I hear you, OP. My eldest is 11, and we've had some lovely evenings watching stuff we both enjoy together (His Dark Materials, Harry Potter, Malory Towers even), but also I'm a single parent, with a fairly demanding job (sometimes needs finishing in the evenings), and a younger child who tends to wake around six (sometimes long before), so having to choose between 'time to unwind, alone' or 'getting to bed on time' feels a pretty grim way of living sometimes.
Eldest DC is indeed lovely company, but when I've been 'on' for 14 hours or more, actually I don't want to be actively parenting any more, I want everyone to be in bed so I can have uninterrupted peace.
I don't have a solution (I'm here reading for the answers!), but I wanted to provide a bit of counterbalance to the posters who suggest that losing the recharge time we've relied on for years is no big deal.
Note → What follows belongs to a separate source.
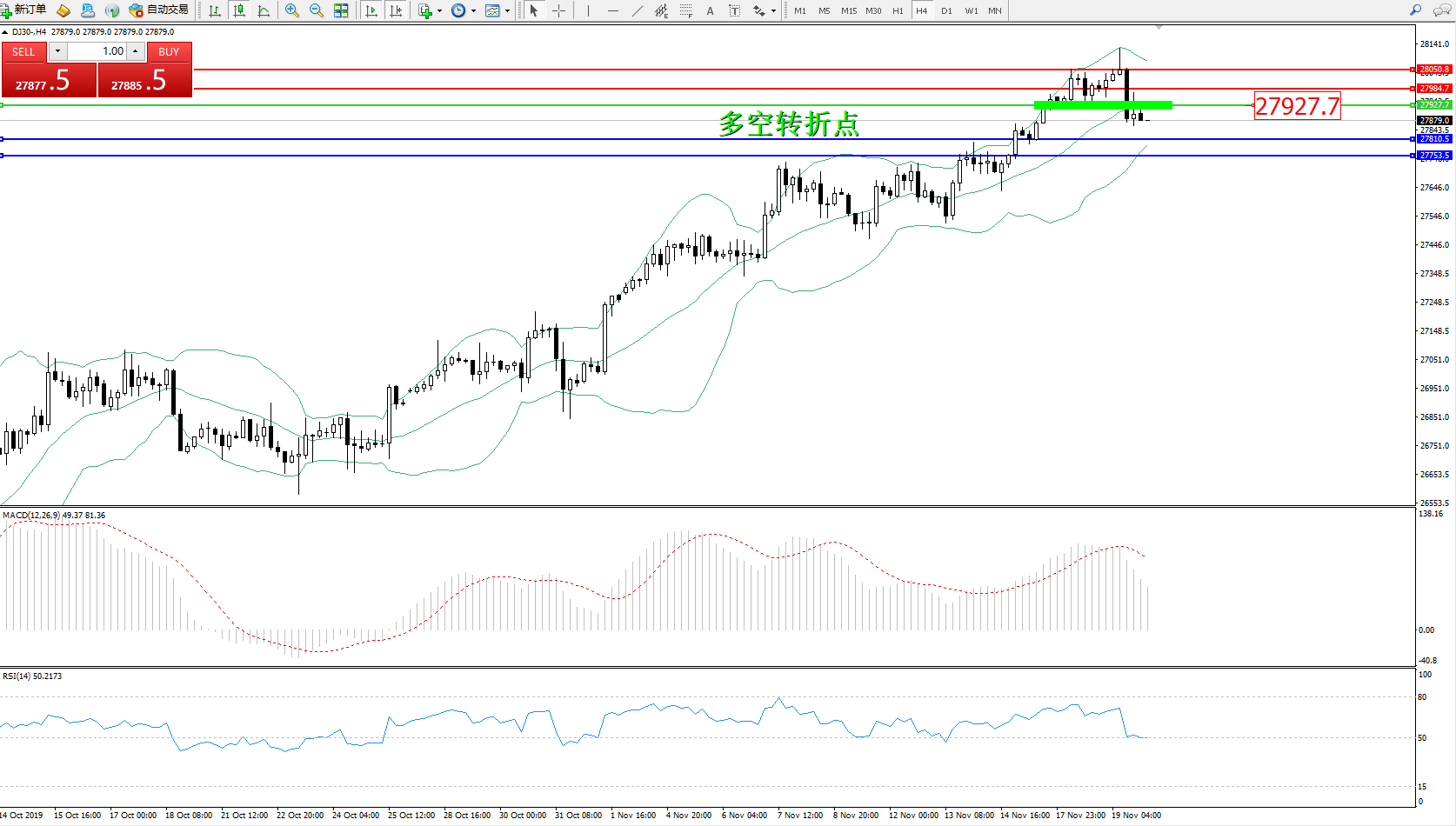 道琼斯指数DJ30—— 4小时K线图显示:

I guess there are different personal preferences for needing time alone, or for how you want to spend it (even at 11 mine is not reliably old enough for a lot of TV dramas I'd choose for myself).
If it was only DC1 and me, I think we'd start walking in these warm evenings. That's not an option cos DC2 is in bed! But I find him much easier company outside, and I suppose that's something we both enjoy, so that would maybe be me reprogramming the evening a bit, rather than just wishing for what we used to have.
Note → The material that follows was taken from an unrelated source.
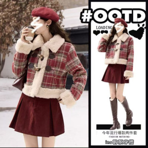 2025秋冬季新款圣诞法式小香风高级设计感格子保暖娃娃领外套百搭

He'd occupy himself with a screen happily enough, but I don't want to do that so close to bedtime (other than v passive TV-watching in the - only - family room). I'm contemplating the suggestion of craft stuff in his room. He's not much of a reader, but I am - might instigate some evenings 'quiet time' in the living room, and I'll read and he's welcome to sit with me reading or making (or, I guess, come September - doing homework!). When time alone has been scarce (eg lockdown) I have found switching from TV to reading is better for me, as you can do 5 mins here or there, plus it fits into my commute now I'm back in the office etc.
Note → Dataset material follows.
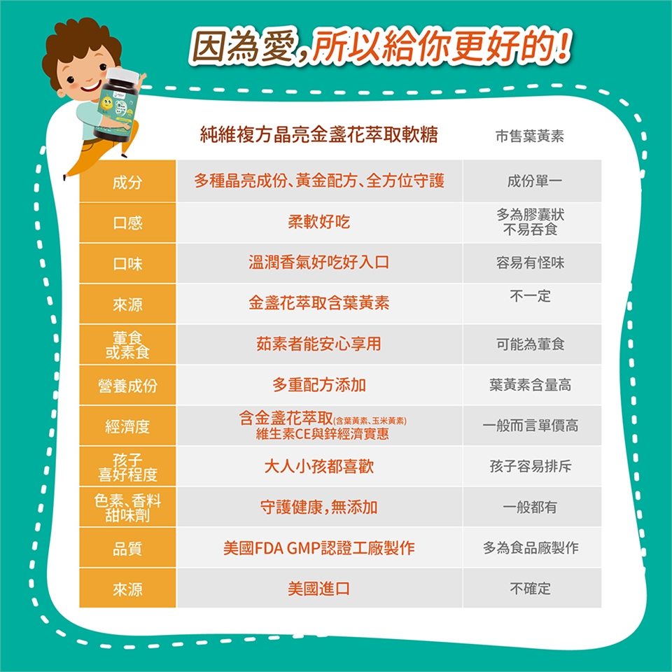 2. 添加了金盞花萃取(含葉黃素與玉米黃素)、維生素C&E、鋅!

The one thing I have done which has helped, is started doing my end-of-day chores earlier, when one or both children are awake. Loading and running the dishwasher, quickly picking bits up off the floor etc - when 'my' evening was a bit longer, I didn't mind doing this stuff while DC1 was in the bath, but now those minutes are so precious (it's the difference between having time for a 1-hr episode of something or not, as you say) so they can come out of the family account, rather than mine.